(WHAT YOU SHOULD DO) The answer must be every line below that holds the word "this".
━━━ DATA SHOWN ━━━
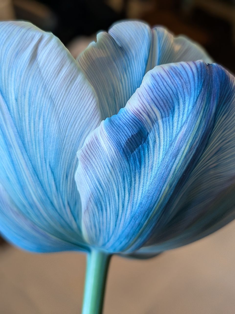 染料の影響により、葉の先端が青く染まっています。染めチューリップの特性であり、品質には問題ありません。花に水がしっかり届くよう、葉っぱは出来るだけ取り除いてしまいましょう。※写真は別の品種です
━━━
━━━ DATA SHOWN ━━━
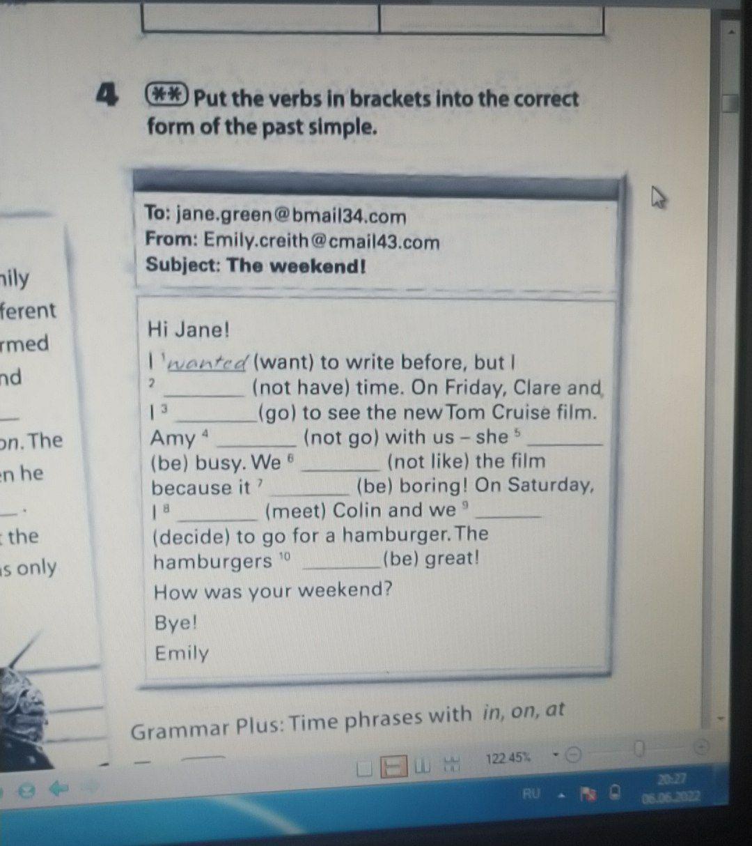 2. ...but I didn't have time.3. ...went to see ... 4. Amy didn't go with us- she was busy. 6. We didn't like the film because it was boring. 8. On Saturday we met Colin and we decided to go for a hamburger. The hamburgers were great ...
━━━
━━━ DATA SHOWN ━━━
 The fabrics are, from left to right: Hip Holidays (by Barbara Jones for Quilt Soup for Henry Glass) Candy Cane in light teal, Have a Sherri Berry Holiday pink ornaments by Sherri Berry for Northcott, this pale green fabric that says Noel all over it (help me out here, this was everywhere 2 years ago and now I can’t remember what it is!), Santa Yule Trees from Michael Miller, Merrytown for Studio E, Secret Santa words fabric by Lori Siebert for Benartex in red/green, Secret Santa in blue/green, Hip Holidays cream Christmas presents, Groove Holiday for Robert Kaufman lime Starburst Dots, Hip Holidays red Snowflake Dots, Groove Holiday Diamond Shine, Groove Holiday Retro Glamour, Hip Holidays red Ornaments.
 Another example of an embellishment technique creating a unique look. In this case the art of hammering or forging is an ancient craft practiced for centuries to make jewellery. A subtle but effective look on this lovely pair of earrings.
━━━
(ANSWER SPACE)
 The fabrics are, from left to right: Hip Holidays (by Barbara Jones for Quilt Soup for Henry Glass) Candy Cane in light teal, Have a Sherri Berry Holiday pink ornaments by Sherri Berry for Northcott, this pale green fabric that says Noel all over it (help me out here, this was everywhere 2 years ago and now I can’t remember what it is!), Santa Yule Trees from Michael Miller, Merrytown for Studio E, Secret Santa words fabric by Lori Siebert for Benartex in red/green, Secret Santa in blue/green, Hip Holidays cream Christmas presents, Groove Holiday for Robert Kaufman lime Starburst Dots, Hip Holidays red Snowflake Dots, Groove Holiday Diamond Shine, Groove Holiday Retro Glamour, Hip Holidays red Ornaments.
 Another example of an embellishment technique creating a unique look. In this case the art of hammering or forging is an ancient craft practiced for centuries to make jewellery. A subtle but effective look on this lovely pair of earrings.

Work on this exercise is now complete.